Михаил посмотрел в покрасневшие глаза трудовика, и его пронял озноб. Снова всплыли в памяти образы кошмарного существа, разорванные тела друзей и оглушающий рёв сгорбленной серой твари. Вспомнился один из любимых фильмов «Чужие». Самым слабым местом сценария Михаил считал решение Рипли вернуться на планету с монстрами. Ну не может такого быть! Ни один нормальный человек не возвратится в такой кошмар. Ни за что! Не собирался в этом ещё раз участвовать и он.
- Не-е-ет… - с нервной усмешкой протянул Михаил, - я точно пас. Как-нибудь без меня. Спасибо за совет. Я им, пожалуй, и воспользуюсь. Вечером дома, а в конце лета подальше отсюда.
- Ну, как знаешь, - вздохнул трудовик, - заставить не могу. Езжай в свой Минск, прячься там. Родителей, конечно, жалко, но это дело такое, никто не вечный.
- Это вы сейчас о чём? – настороженно спросил Михаил.
- Да ладно, забей, может и нормально всë будет, - Жоржик снова выудил из кармана мятую пачку и вынул из неё последнюю сигарету. Всем своим видом он демонстрировал полную потерю интереса к собеседнику.
- Нет, подождите! – вспыхнул Михаил, - раз уж начали – договаривайте!
- Пойду до магазина прогуляюсь, - пробубнил себе под нос Жоржик и, подкурив сигарету, рывком вытащил отяжелевшее тело из кресла. Из заднего кармана брюк он достал несколько смятых купюр, пересчитал их, сопровождая этот процесс невнятным бормотанием сквозь сжатые губы. Алеющий огонёк сигареты при этом подпрыгивал в такт неразборчивым словам.
- Андрей Георгиевич! – с нажимом произнёс Михаил, - что родителям угрожает?
- Вечером в гараже буду ждать, - бросил трудовик и, пошатываясь, вышел из каморки. Из открытой двери в тесное помещение тут же ворвался надрывный визг резцов и гудение моторов, - Мартын, за старшего! – перекрикивая станки дал указание Жоржик, а потом хлопнула входная дверь.
Михаил медленно опустился в кресло, с которого вскочил несколько секунд назад, и, сложив руки замком, опëрся на них подбородком. Было понятно, что ничего узнать до вечера не получится. Что ж, видимо, придётся посетить гараж Жоржика. Благо, для этого нужно всего лишь пересечь двор.
Время до вечера тянулось долго и мучительно. Не найдя ничего интересного по телевизору Михаил достал из шкафа приставку и два часа бездумно играл в видеоигры. Июльская жара, тем временем, украдкой пробралась сквозь закрытые окна, миновала шторы и расползлась по комнате липким душным сгустком.
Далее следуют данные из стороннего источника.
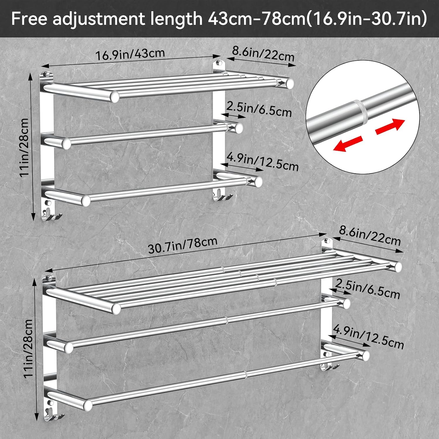 Adjustable Towel Bar for Bathroom Wall Mount17-30.7inch Adhesive Shower Towel Rack Stainless Steel Bath Towel Holders for Toilet Kitchen Double Towel Hanger (3-Layer Towel Rack)

- Поеду искупаюсь, - сообщил он родителям и отправился в гараж за велосипедом.
На речке был аншлаг. Казалось, половина деревни пришла сюда искать спасение от вездесущей жары. Поросший короткой вытоптанной травой пляж почти до самой воды, где начинался уже жёлтый песок, занимали десятки пëстрых покрывал, на которых лежали, сидели, читали книги, или уже обедали отдыхающие. У самой воды играли в волейбол, ближе к деревьям обосновались раскрасневшиеся мужики и, обустроив на своëм покрывале импровизированный стол, шумно коротали летний день за горячительными напитками. К толстому стволу прибрежного дерева, устало наклонëнному к водоëму, привязали верёвку, и шустрые подростки без устали рассекали плотный подрагивающий от жары воздух, пролетая на тарзанке над крутым обрывом, и с шумом плюхались в воду.
На середине реки лениво покачивался надувной матрас с тремя загоревшими до бронзового отлива девушками. Устроившись поперёк плавсредства они расстегнули тонкие нитки лифчиков, подставляя блестящие каплями влаги спины лучам раскаленного, разогнавшегося на полный летний ход солнца. Михаил невольно засмотрелся на три пары упругих ягодиц, обтянутых разноцветными купальниками. Вот матрас медленно повернулся на месте, влекомый неторопливыми гребками своих пассажирок, и шесть круглых, идеальных в своей завлекательности холмиков выстроились в ряд, точно парад планет, что бывает раз в двадцать лет, и оторваться от созерцания которого также невозможно.
Отвлечься удалось ненадолго. Парад планет сначала распался на три пары полушарий, а потом на линии взгляда, прямо за матрасом выросла громада железнодорожного моста. Чëрные на фоне яркого неба фермы косыми крестами рассекли пространство, поделили его на клетки и треугольники, загнали в рамки и границы. Михаил вспомнил, как буквально позавчера они с Петей пытались преодолеть этот перегон, переползти на спасительный берег. «Цок-цок-цок», - простучало где-то в виске, а внутри, среди похолодевших кишок что-то оборвалось, упал стальной шарик, повис на тугой верёвке, дёрнулся и потянул за собой диафрагму. Дыхание перехватило…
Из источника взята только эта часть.